The International Writers Magazine: Film

Children Of Men
Directed By Alfonso Cuaron
Starring : Clive Owen, Julianne Moore, Michael Caine
Jen Ames

"I have GOT to read the book" not something I usually come out with on the way out of the cinema, but on this rare occasion they were the first words out of my mouth. Promptly followed by my utter disgust at the way people will pay eight pounds for popcorn then leave it on the chair untouched.

I have always found that if I go to see a film that's based on a book I have read, I never enjoy it. I usually find that, films have to skim over the more intricate and subtle of moments in favour of good looking actors fancy stunt scenes, racy sex moments (ok I'm not really complaining there) and well, not being sat in the theatre for the eight and a half hours it took you to read the book.

However, watching Children Of Men, and witnessing a fabulous performance by Clive Owen as Theodore, inspired me to step into unknown territory and get hold of the original tale by P.D.James. I had some unanswered questions that I thought the book might shed some light on, so I could fit together the final pieces of this apocalyptic puzzle.

The story is set in Britain, in the scarily not too distant future, where mankind faces the ultimate dilemma- the inability to reproduce and repopulate the earth. The human race is dying, and we come into the story as the death of the youngest person on the planet is announced. Science and religion which until now have always provided answers and solutions have failed the people and hope seems to be a thing of the past as well.

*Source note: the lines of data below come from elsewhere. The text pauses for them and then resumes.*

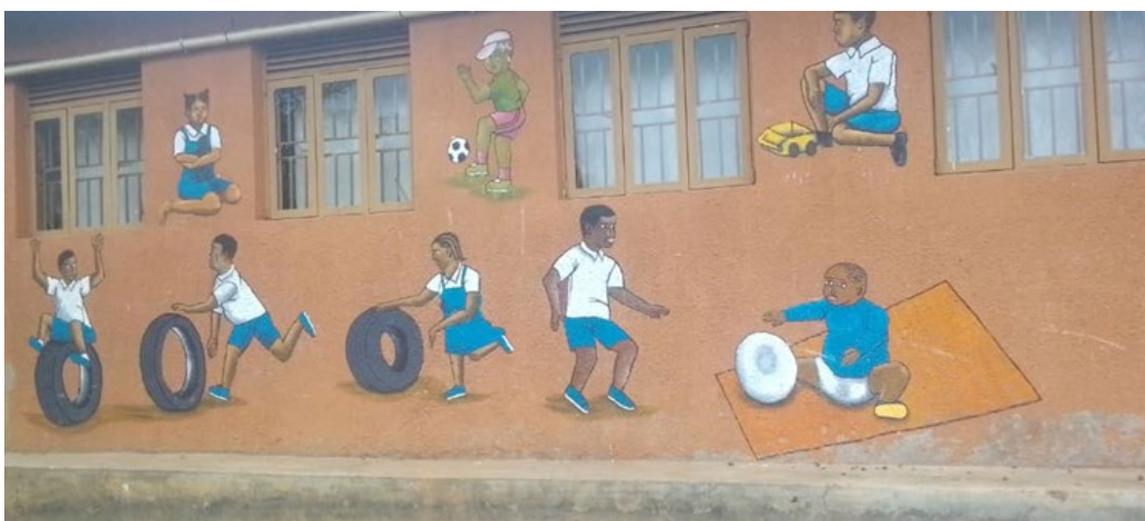
New school mural
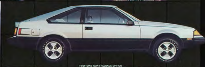
TWO-TONE PAINT PACKAGE OPTION
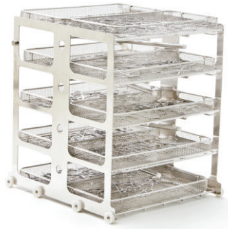
5 Levels washing trolley
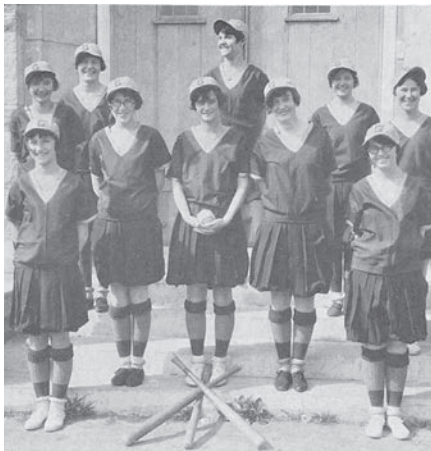
1927 INDOOR GIRLS BASEBALL TEAM

The world is crumbling, and society has broken down into people who know nothing but fear and paranoia.

We follow Theo, who spurred on by a meeting with his ex wife Julian (Julianne Moore) joins an underground society who are fighting for justice and a way out of life as they now know it. Like all good main characters, he has a pot smoking wise cracking father figure called Jasper (Caine) who lives in a hut surrounded by CCTV and is wanted by the government for stirring trouble. He proves a faithful alliance when the underground movement betrays Theo, his ex wife Julian and the reason she came to him for help. A small, but incredibly significant reason.

Together they journey to the coast to get this 'reason' to safety, but are attacked by government officials, who manage to murder one of our key characters in a heart-wrenching scene. To top it all off, when they kill one of their attackers in self defence, they end up wanted for 'terrorism' themselves. The rest of the film follows them as they flee, and we see more murder, terrorism, betrayal, even controversial issues such as euthanasia and suicide dealt with in a painful yet sensitive way. But is it all for nothing? Can the human race be saved? Will Earth ever hear the cry of a new-born baby ever again?

Caine and Owen
The film is very real, hauntingly real, the actors, the emotions, the twists and turns all make for a gripping and chilling projection into a possible future for us, easily the best film I have seen all year- so how did it measure up to the book? Well I was surprised, I expected the book to blow me away, I expected to get lost in it and to declare it better than the film- maybe it's because I saw the film first, but I just could not get into it. Halfway through the paperback and I still hadn't met the key character, the corruption, the betrayal, the risk the thrill the adventure. I didn’t feel like the film had missed anything, glossed over anything or downplayed any key moments, only enriched them.

I would recommend the film to anyone who wants to see something credible believable and yet terrifying, and I think Curon did an amazing job of bringing a worryingly plausible story onto our screens and into the backs of our minds…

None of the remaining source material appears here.